This document proposes a broad change to NRAO’s computational approach w.r.t. CASA to improve overall efficiency. Within industry there are strategies viewed as either High Performance or High Throughput Computing, commonly referred to as either HPC or HTC. Neither approach is optimal for NRAO so what is proposed here is a High Efficiency Computing approach that considers all aspects of the problem including hardware configuration and performance, PI time, and costs for hardware and software development. Because the goal is broad efficiency across multiple disjoint axis there is no ultimate final goal that is being aimed at, rather there is a finite series of stages which achieve some delta improvement in efficiency with the next stage going through a review and prototype process before commencing.
https://staff.nrao.edu/wiki/bin/view/NM/HTCondor#Conversion
https://staff.nrao.edu/wiki/bin/view/NM/Slurm
Queues: We want to keep the multiple queue functionality of Torque/Moab where, for example, HERA jobs go to hera nodes and VLASS jobs go to vlass nodes. We would also like to be able to have vlasstest jobs go to the vlass nodes with a higher priority without preempting running jobs.
Slurm
- Queues are called partitions. At some level they are called partitions in Torque as well.
- Job preemtion is disabled by default
- Allows for simple priority settings in partitions with the default PriorityType=priority/basic plugin.
- E.g. PartitionName=vlass Nodes=testpost[002-004] MaxTime=144000 State=UP Priority=1000
- HTCondor
- HTCondor doesn't have queues or partitions like Torque/Moab or Slurm but there are still ways to do what we need.
- Using separate pools for things like HERA and VLASS is an option, but may be overkill as it would require separate Central Managers.
- Requirements or Constraints is an option. For example, HERA nodes could set the following in their configs
- HERA = True
- STARTD_ATTRS = HERA, $(STARTD_ATTRS)
- and users could set the following in their submit files
- Requirements = (HERA =?= True)
- We could do the same for VLASS/VLASSTEST but I don't know if HTCondor can prioritize VLASS over VLASSTEST the way we do with Moab.

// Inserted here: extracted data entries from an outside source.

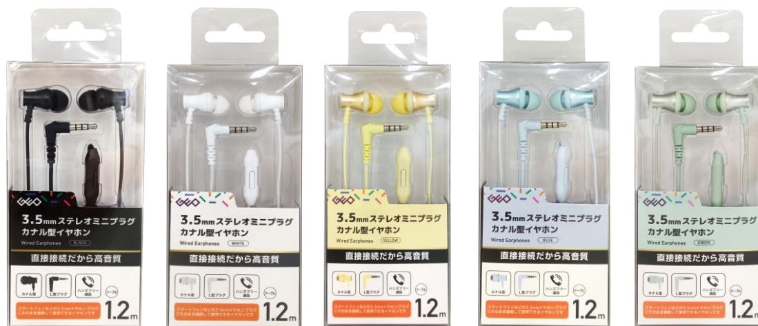
<パッケージ画像 (左からブラック、ホワイト、イエロー、ブルー、グリーン) >

https://geo-online.co.jp/campaign/special/other/geoselection/earphones/grtwe-iepc21e30.html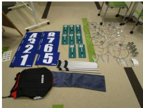
グラウンドゴルフセット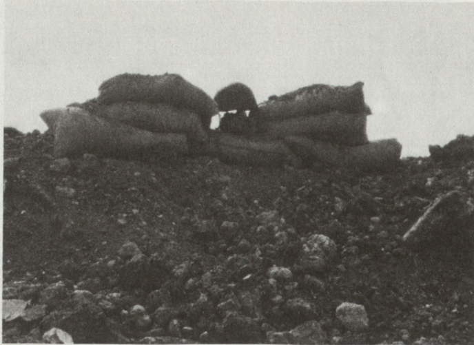
Bild 4. Scheinstellung einer israelischen Panzerposition nordöstlich des Flugplatzes von Beirut. Der Helm soll, abseits von den Feuerpodesten der Panzer, das palästinensische Feuer anziehen. Beachtenswert die mehrere Meter hohe Aufschüttung: Wie im Jom-Kippur-Krieg führen die Israeli Bulldozer-Panzer mit, die für die Kampfpanzer Deckungen aufschütten.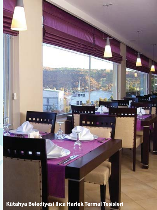
Kütahya Belediyesi Ilıca Harlek Termal Tesisleri

HASTALIKLAR: Sağlık Bakanlığı İşletme Ruhsatında bu suların balneolojik açıdan başlıca şu hastalıklar için etken olduğu belirtilmektedir.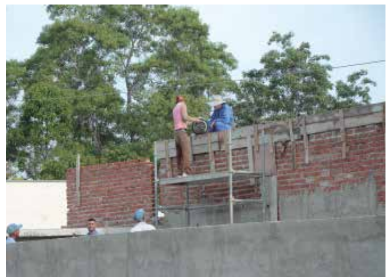
La iniciativa surgió con el propósito de revitalizar la zona, incluido el túnel peatonal.

Pero el proyecto, como aclara el directivo, no solo incluye el rescate del túnel peatonal, sino que en las áreas posteriores de este espacio también se construye un estacionamiento para los autos del Banco de Sangre y para los de Etecsa y un estacionamiento para motos,

We could also do something like this for interactive nodes and nodescheduler if we end up using that.
- VLASS = True
- VLASSTEST = True
- STARTD_ATTRS = VLASS, VLASSTEST, $(STARTD_ATTRS)

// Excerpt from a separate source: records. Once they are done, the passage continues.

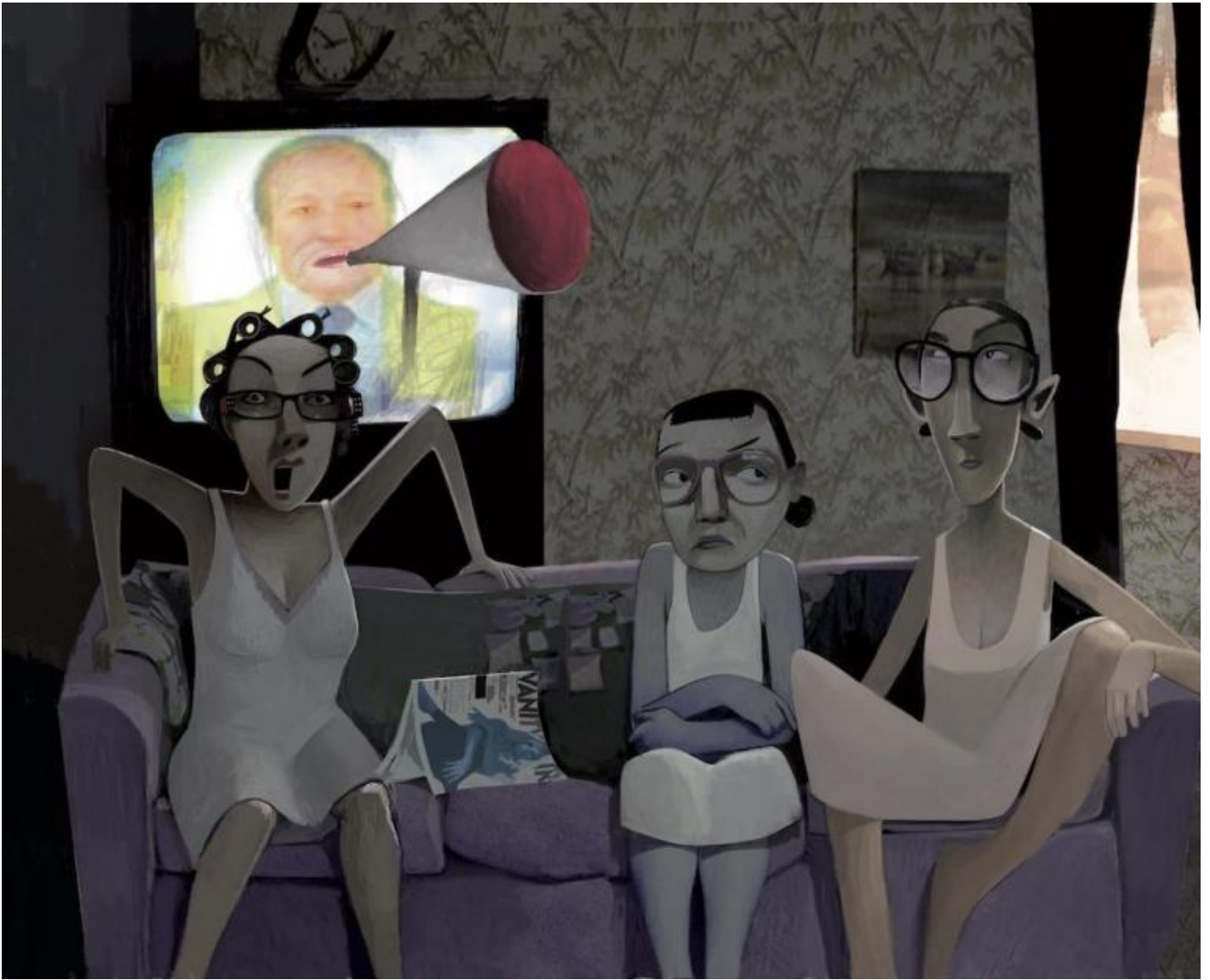
La matrigna e le sorellastre di Cenerentola.

La lingua, essenziale, accesa da inflessioni e locuzioni dialettali, fa da smagliante contrappunto alle immagini, ariose quando vengono scontornate nella pagina bianca, affogate nei chiaroscuri, nelle ombreggiature espressiviste quando si concentrano sui personaggi negativi, o quando esplorano i segreti e le paure della notte. Non mancano trovate umoristiche irresistibili, spesso debitorie al teatro popolare, come nei casi dei sette barbuti nani senza gambe, con Eolo che ‘pirita’, scoreggia, in continuazione, Pisolo che si addormenta ogni 5 minuti, Cucciolo in cerca delle mammelle della mamma eccetera.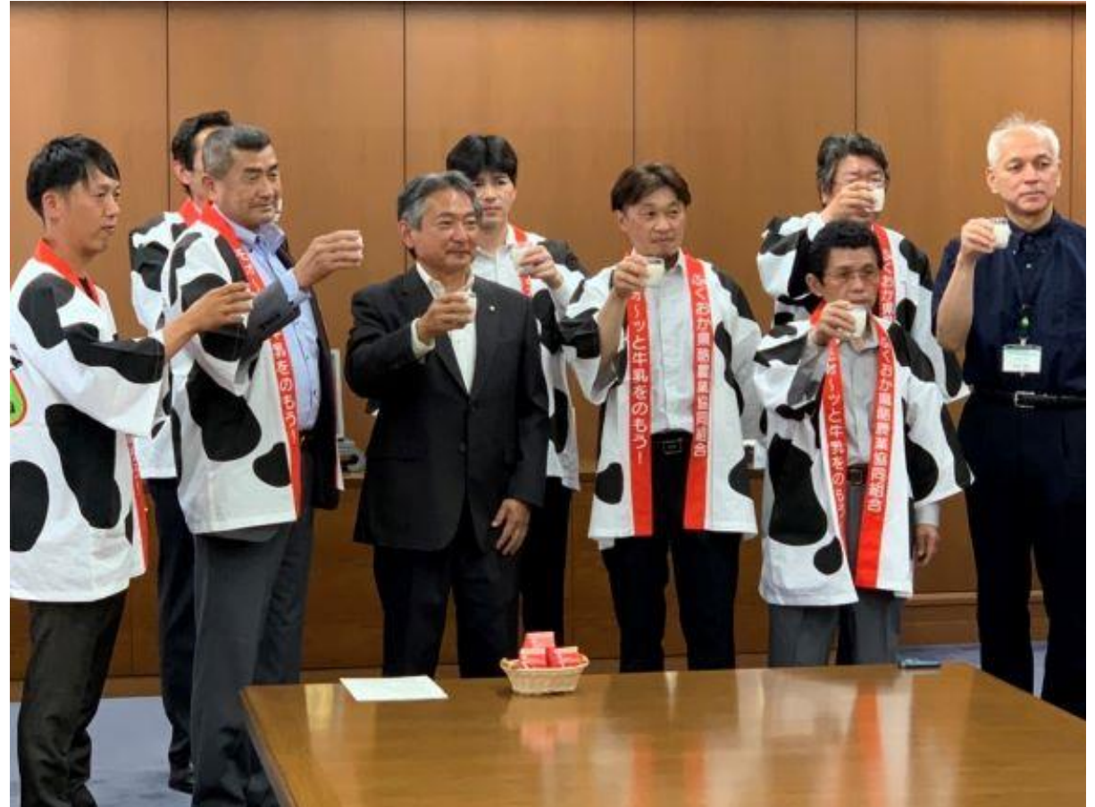
(写真 JAくるめ酪農部会の皆様と市長の写真)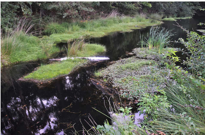
Figuur 7. Monsterpunt in de Houtvijver waar larven van Omisus caledonicus in 2020 en 2022 werden gevonden. Figure 7. Sample point from Houtvijver where larvae of Omisus caledonicus were found in 2020 and 2022.

Naast O. caledonicus werden in 2020 en 2022 nog andere dansmugsoorten verzameld (tabel 1). De ecologische karakterisering van de soorten aan de hand van Vallenduuk & Moller Pillot (2007), Moller Pillot (2009) en Moller Pillot (2013) omschrijft het monsterpunt van de Houtvijver als een plek met een zekere mate van buffering met een ruime beschikbaarheid van detritus, rottend plantenmateriaal en ondergedoken en drijvende waterplanten en met voldoende matig zuurstof-

- then users would set either requirements = (VLASS =?= True) or requirements = (VLASSTEST =?= True)
- Or if you wanted to keep the priority where VLASS jobs only run on VLASSTEST nodes when they aren't busy, the user could set Rank = (VLASS == 1) and requirements = (VLASS =?= True) in order to run on a VLASS node and only run on a VLASSTEST node when there are no VLASS nodes available.
- HTCondor does support accounting groups that may work like queues.

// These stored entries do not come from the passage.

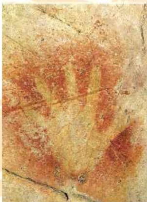
Pintura rupestre con color rojo de hematita.

La historia de los colorantes naturales es tan antigua como la humanidad: nuestros más lejanos antepasados se sirvieron de ellos dejando huellas de su paso en las cuevas y aleros donde se guarecían de la intemperie.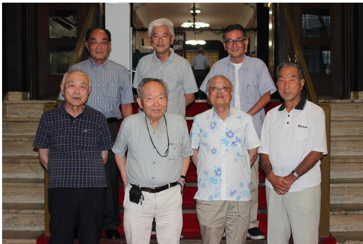
令和7年7月4日開催の月例会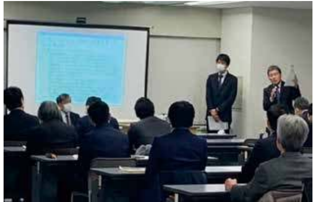
2023年1月23日開催・ 公認会計士白門会との交流会 (講演会)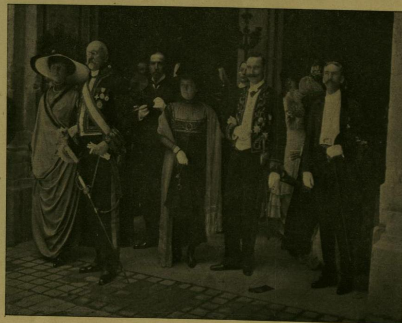
VARIOS MIEMBROS DEL CUERPO DIPLOMATICO RESIDENTE SALEN DE PALACIO DESPUES DE UNA ENTREGA DE CREDENCIALES.

El Excelentísimo señor Embajador ofreció el banquete con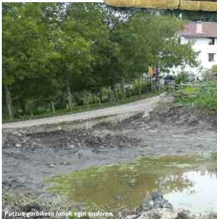
Putzua garbiketa lanak egin ondoren.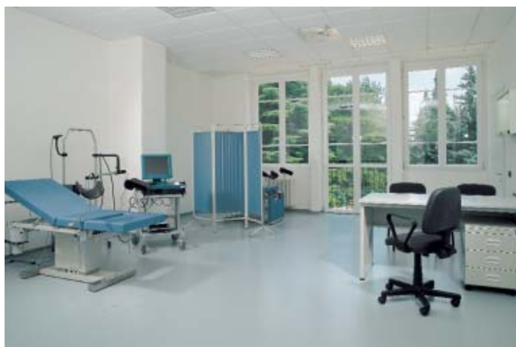
Ambulatorio Ambulatorio Ambulatorio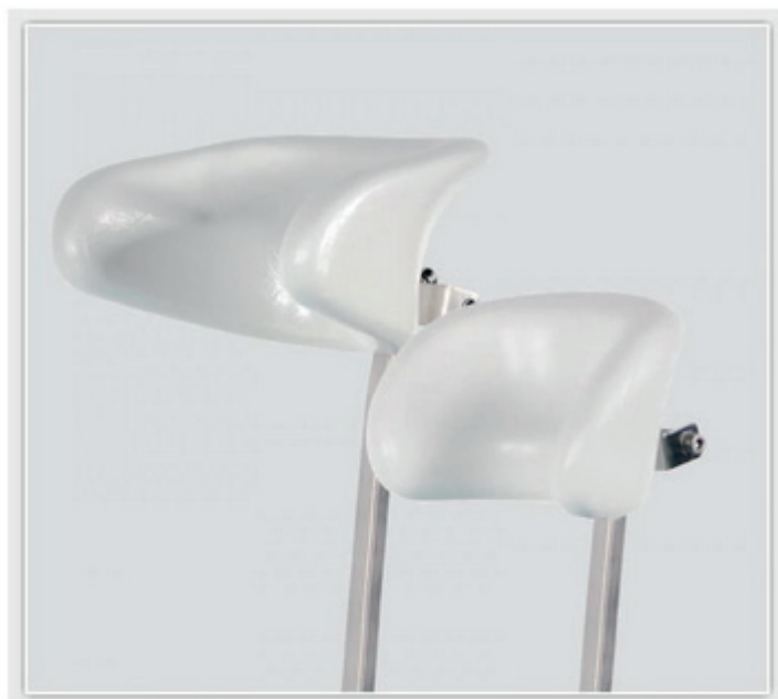
Appui de tête et support coup

- Because of the design of HTCondor there isn't a central place to define the order and "queue" of nodes like there is in Torque.
Interactive: The ability to assign all or part of a node to a user with shell level access (nodescheduler, qsub -I, etc), minimal granularity is per NUMA node, finer would be useful.
- nodescheduler: What is it that we like about nodescheduler over something like qsub -I or srun --pty bash or condor_submit -i
- It's not tied to any tty so a user can login multiple times from multiple places to their reserved node without requiring screen or tmux or vnc. It also means that users aren't all going through nmpost-master.
- Its creation is asynchronous. If the cluster is full you don't wait around for your reservation to start, you get an email message when it is ready.
- It's time limited (e.g. two weeks). We might be able to do the same with a queue/partition setting but could we then extend that reservation?
- We get to define the shape of a reservation (whole node, NUMA node, etc). If we just let people use qsub -I they could reserve all sorts of sizes which may be less efficient. Then again it may be more efficient. But either way it is simpler for our users.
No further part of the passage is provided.